25 radar bogor

Sekali Klik, Pinjaman Cair

llustrasi pinjaman online (pexels.com)

BOGOR–RADAR BOGOR,Di era yang serba digital saat ini, segala jenis penawaran jasa secara online sangat menggiurkan. Termasuk pinjaman uang yang bisa dicairkan tanpa jaminan. Apalagi saat seseorang membutuhkan uang secara cepat dengan cara praktis. Namanya pinjaman online.

Perusahaan fintech penyalur utang online menjamur. Satu per satu mereka mengeluarkan aplikasi yang mudah diunduh para pengguna Android maupun iOs.
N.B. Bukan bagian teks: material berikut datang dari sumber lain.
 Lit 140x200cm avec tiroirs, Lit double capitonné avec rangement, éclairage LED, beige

Puluhan aplikasi bisa dipilih sesuai rekomendasi.

Ada Tunai Kita, Rupiah Plus, Pinjaman Go, Kredit Pintar, Uang Teman dan masih banyak lainnya. Bahkan, aplikasi belanja online, seperti Tokopedia pun telah menyediakan opsi pinjaman dana online dengan berbagai cara dan syarat. Mudah dan cepatnya proses pencairan membuat banyak orang lebih tertarik dengan jasa pinjaman online tersebut.

Salah satunya, Deanita (23). Tak punya uang dan ada keperluan mendadak mem­buatnya nekat menggunakan aplikasi pinjaman. Dari sekian banyak aplikasi, dia menjatuhkan pilihan pada Go Rupiah.
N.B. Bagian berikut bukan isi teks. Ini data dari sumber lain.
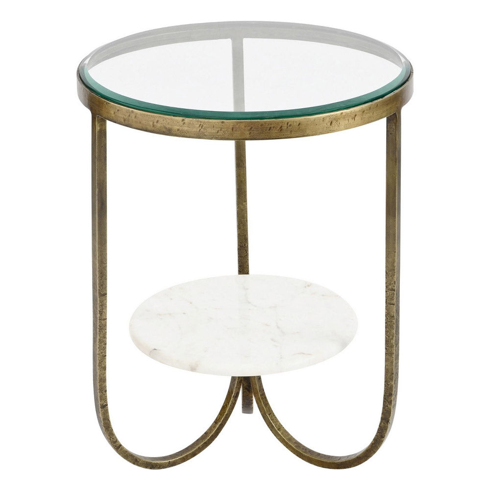 At the base, a sleek white marble shelf offers a luxurious accent and convenient space for decor or essentials, while the beveled glass top adds an airy, open feel. The sturdy antique gold iron frame with sculpted legs brings vintage charm, creating a beautiful balance of classic and contemporary style.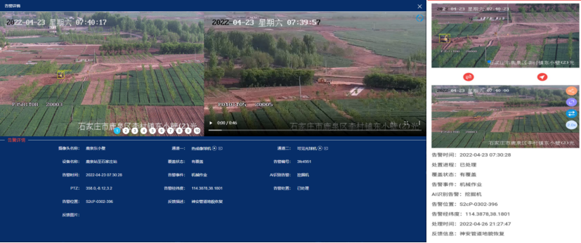 石家莊分公司陜京二線(xiàn)鹿泉至正定區間約40公里光纖預警與視頻監控無(wú)縫聯(lián)動(dòng),接入鐵塔公司攝像頭20個(gè)。投入運行三個(gè)多月,辨識高危行為260條,低風(fēng)險行為101條。實(shí)例一,光纖預警系統發(fā)出機械施工告警,通過(guò)聯(lián)動(dòng)視頻監控核實(shí)管道周邊存在機械取土行為(圖 8)。實(shí)例二,光纖預警告警聯(lián)動(dòng)視頻監控系統告警下發(fā)APP,作業(yè)區段長(cháng)立即趕到現場(chǎng)核實(shí)事件并進(jìn)行處置,通過(guò)APP反饋處置結果(圖 9)。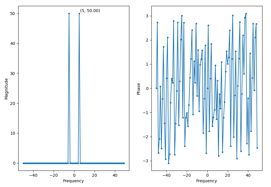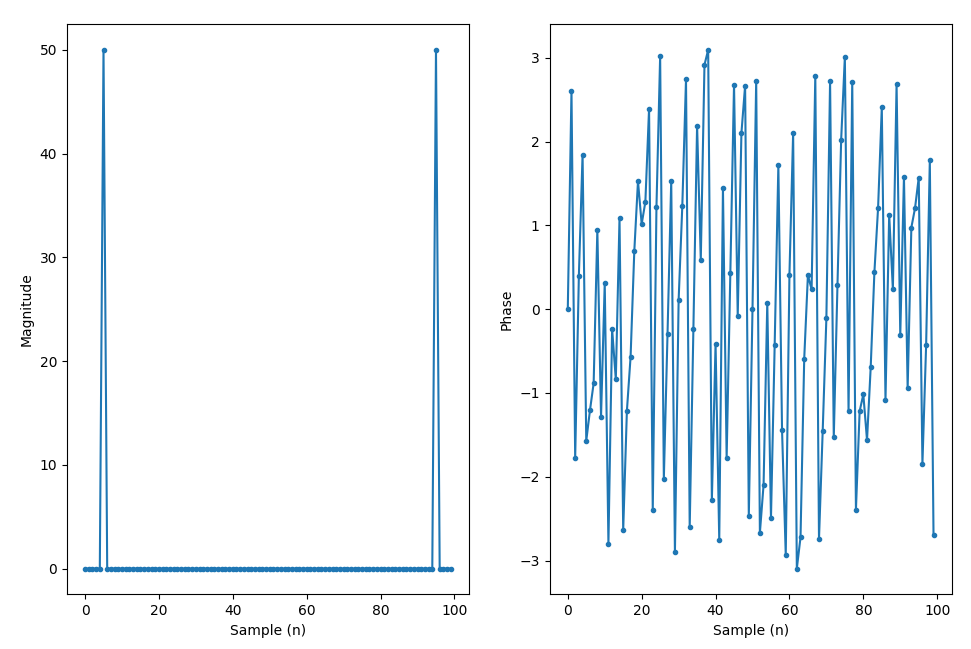 The output will be an array of complex numbers. We can calculate the magnitude and phase of the complex numbers and plot them out.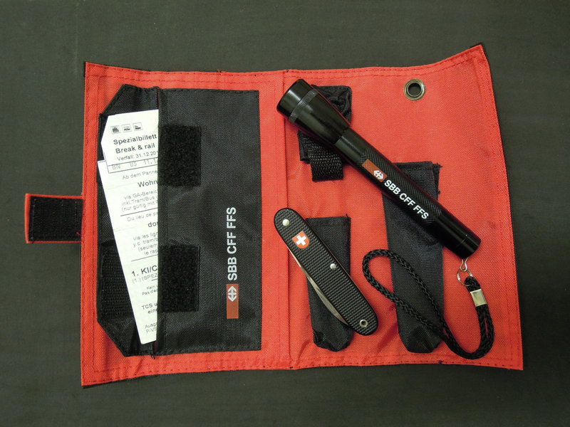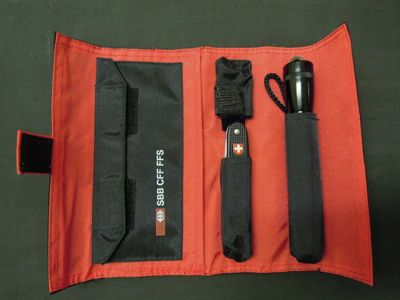 Swiss Railway set consisting of a Soldier like Swiss Army knife and a Maglite flashlight on a roll style carry pouch. Pictures and information by Sneider and duder/el duderino.

Dia menceritakan, awalnya mendapat rekomendasi dari temannya yang juga pernah meminjam uang di aplikasi yang sama. “Ya sudah karena kepepet saya unduh aplikasinya,” katanya kepada Radar Bogor.
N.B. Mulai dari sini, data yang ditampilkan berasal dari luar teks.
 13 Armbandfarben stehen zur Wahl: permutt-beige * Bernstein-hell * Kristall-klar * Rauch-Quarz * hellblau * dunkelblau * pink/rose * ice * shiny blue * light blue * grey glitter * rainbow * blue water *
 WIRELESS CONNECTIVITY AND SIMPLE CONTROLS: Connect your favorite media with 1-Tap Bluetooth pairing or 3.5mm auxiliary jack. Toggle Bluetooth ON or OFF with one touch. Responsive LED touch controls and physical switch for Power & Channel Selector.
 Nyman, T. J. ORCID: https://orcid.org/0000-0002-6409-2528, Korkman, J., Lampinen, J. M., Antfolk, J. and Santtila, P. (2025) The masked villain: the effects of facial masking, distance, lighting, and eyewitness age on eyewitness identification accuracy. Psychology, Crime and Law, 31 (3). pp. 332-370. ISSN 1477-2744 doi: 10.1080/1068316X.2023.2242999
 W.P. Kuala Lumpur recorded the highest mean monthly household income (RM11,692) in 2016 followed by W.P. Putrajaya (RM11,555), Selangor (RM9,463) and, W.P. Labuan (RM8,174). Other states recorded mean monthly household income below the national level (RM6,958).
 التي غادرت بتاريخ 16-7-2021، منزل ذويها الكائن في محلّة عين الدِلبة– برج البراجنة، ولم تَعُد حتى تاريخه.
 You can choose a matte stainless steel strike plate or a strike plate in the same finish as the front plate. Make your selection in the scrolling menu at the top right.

Menurut pegawai swasta di Kota Bogor itu, prosesnya cukup cepat. Ia hanya memfoto kartu tanda penduduk (KTP) ke aplikasi lalu diterima dan dana cair ke rekening yang sudah ia cantumkan dalam aplikasi.

Dea saat itu meminjan uang sebesar Rp1 juta. Ia pun memilih opsi dengan jangka pembayaran selama 30 hari. Dan uang yang harus dikembalikan Rp1,2 juta.

“Jadi, saya ambil pilihan yang langsung bayar dalam jangka sebulan, kena bunganya 20 persen. Ada juga yang cicilan per hari atau per minggu kalau gak salah, yang pasti sih yang saya tahu, lama pembayaran maksimal 30 hari,” bebernya.

Ditanya mengenai masalah data yang bisa di-hack pihak perusahaan fintech yang mengeluarkan aplikasi, Dea mengaku belum mengalaminya. “Kalau butuh lagi juga saya mungkin pinjam online, tapi kalau tidak butuh-butuh banget juga gak bakal, bunganya gede,” tutupnya.

Pengalaman berbeda dialami Meta. Wanita 30 tahun itu mengaku pernah mencoba akan meminjam uang di salah satu aplikasi pinjaman online yang ia dengar beberapa kali iklannya di salah satu radio ternama.

Mengunduh aplikasi, Meta mengisi berbagai pendataan yang diberikan dan muncul pada layar. “Kaya nama lengkap, nomor identitas KTP, SIM, terus e-mail, nomor telepon dan sebagainya,” kata dia.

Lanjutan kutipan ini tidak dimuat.